Часы эти, 1860-х годов производства, некогда украшали собой стену железнодорожной станции где-то в штате Айова. Кабинет Уолтера можно было бы охарактеризовать как диккенсовский. Мебель стоила больше, чем я, по-видимому, заработаю за всю жизнь. На Луну было вывезено очень мало подлинного антиквариата. Большинство предметов старины были в музеях. А остальные — по большей части принадлежали Уолтеру.
— Хлам, — наконец, изрек он. — Ни на что не годный хлам!
Он нахмурился и швырнул статью через всю комнату. Точнее, попытался. Тонкие бумажные листы не удастся швырнуть сильно и далеко, если только их предварительно как следует не скомкать. Моя статья запорхала в воздухе и осела на пол у его ног.
— Извините, Уолтер, но там просто больше не из чего…
— Ты хочешь знать, почему я не могу это использовать?
— Нет секса.
— Да, ни капельки секса! Я послал тебя написать о новой сексуальной системе, а по-твоему выходит, что в ней никакого секса и нет. Как такое может быть?
— Нууу, естественно, секс там есть… Но только не тот, какой нужен. Я имею в виду, что мог бы написать статью о сексе земляных червей или медуз, но она не возбудила бы никого, кроме медуз и червей.
— Вот именно! Так почему же это, Хилди? Почему они хотят превратить нас в медуз?
Я изучил до тонкостей этого любимого конька моего босса, но делать было нечего — пришлось на него садиться. И я ответил:
— Это из той же оперы, что поиски Чаши Святого Грааля или философского камня.

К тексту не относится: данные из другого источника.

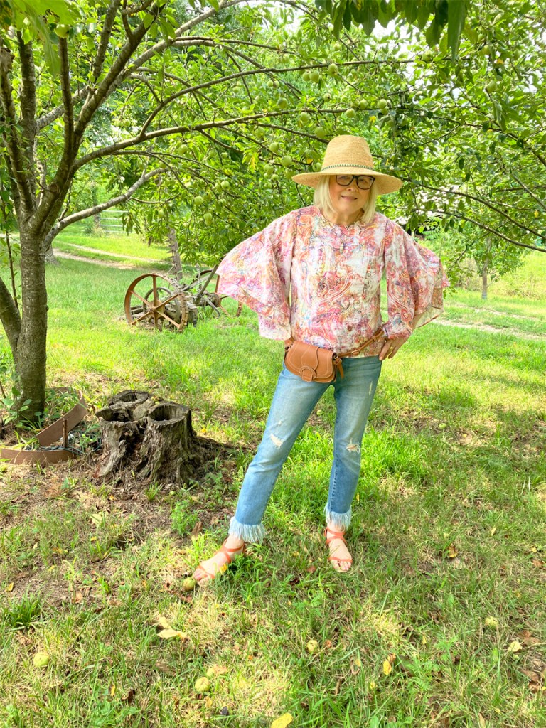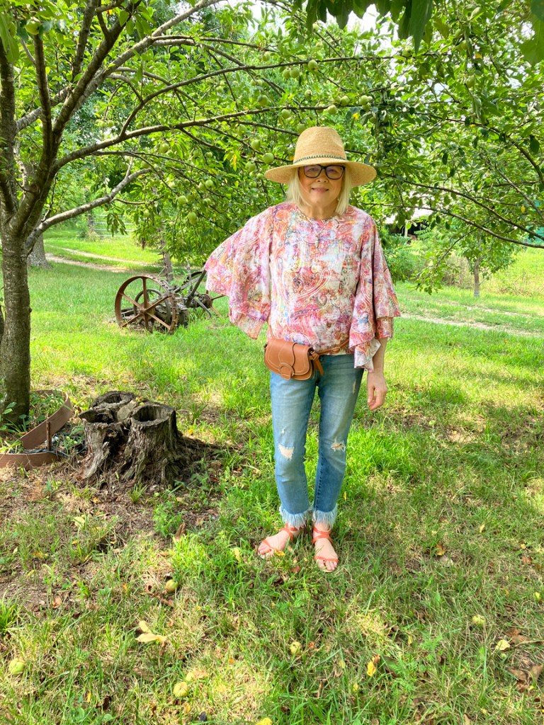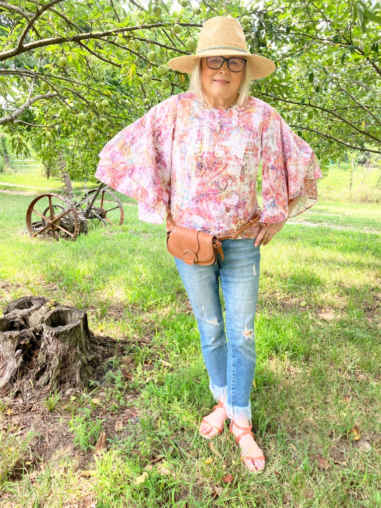 Oh, what a pretty blouse, Terri! I am bummed for you now that your daughter remembered to take it home with her! I love it with those fringed hem jeans and the coral sandals. And of course, your hat is a brilliant finishing touch as always!

— Что такое философский камень?
Последний вопрос задал не Уолтер, а некто за моей спиной. И я был уверен, что знаю, кто это. Я обернулся и увидел Бренду, начинающего репортера, которая последние две недели была моей подручной, читай — во всем меня копировала.

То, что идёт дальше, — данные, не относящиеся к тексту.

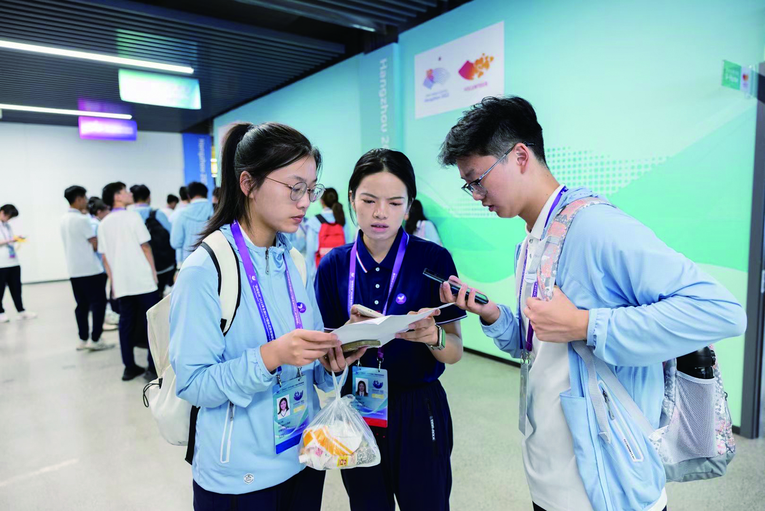 市民胡佳丽特意带着家人看家门口的比赛,提前感受亚运氛围。她说,检票、安检、入座……每个环节都有志愿者热情引导。她点赞说:“比赛精彩,服务到位,很过瘾!”
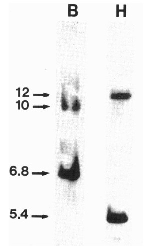 HindIII (lane H) and hybridized to a 500-bp EcoRI/EcoRI fragment

— Сядь, Бренда, — обронил Уолтер. — Я займусь тобой через минуту.
Я проследил, как она смущенно протиснулась в кабинет, таща за собой кресло, и уселась, сложившись, как складная линейка. Казалось, в ее теле больше суставов, чем должно быть у нормального человека — острые локти, колени и прочие углы так и торчали во все стороны. Она была очень высокой и худой, как большинство молодежи. Помнится, мне говорили, что ей семнадцать и что это ее первая практика после курса профессионального обучения. Она была жизнерадостна и любопытна, как щенок, но, увы, далеко не так симпатична.

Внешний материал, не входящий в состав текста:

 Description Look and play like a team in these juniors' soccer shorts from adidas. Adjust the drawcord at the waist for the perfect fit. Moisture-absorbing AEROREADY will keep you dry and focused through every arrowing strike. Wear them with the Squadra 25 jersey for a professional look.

Она донельзя меня раздражала, и я сам не понимал, почему. Возможно, все дело в конфликте поколений. Вы видите, как жизнь катится под откос, удивляетесь, может ли она быть хуже, чем уже есть, думаете, что современная молодежь докатилась до предела низости и разврата… но потом у молодых рождаются дети, и вы понимаете, как вы ошибались.
По крайней мере, Бренда умела читать и писать, этого у нее было не отнять. Но она была так дьявольски серьезна, так ужасно старалась понравиться! Она была чистым листом, который рука так и тянулась изрисовать комиксами. Она не знала ничего, что лежало за пределами узкого круга интересов обеспеченного класса, к которому она принадлежала, понятия не имела о событиях, происшедших более чем пять лет назад, и ее блаженное неведение никто до сих пор не разрушил.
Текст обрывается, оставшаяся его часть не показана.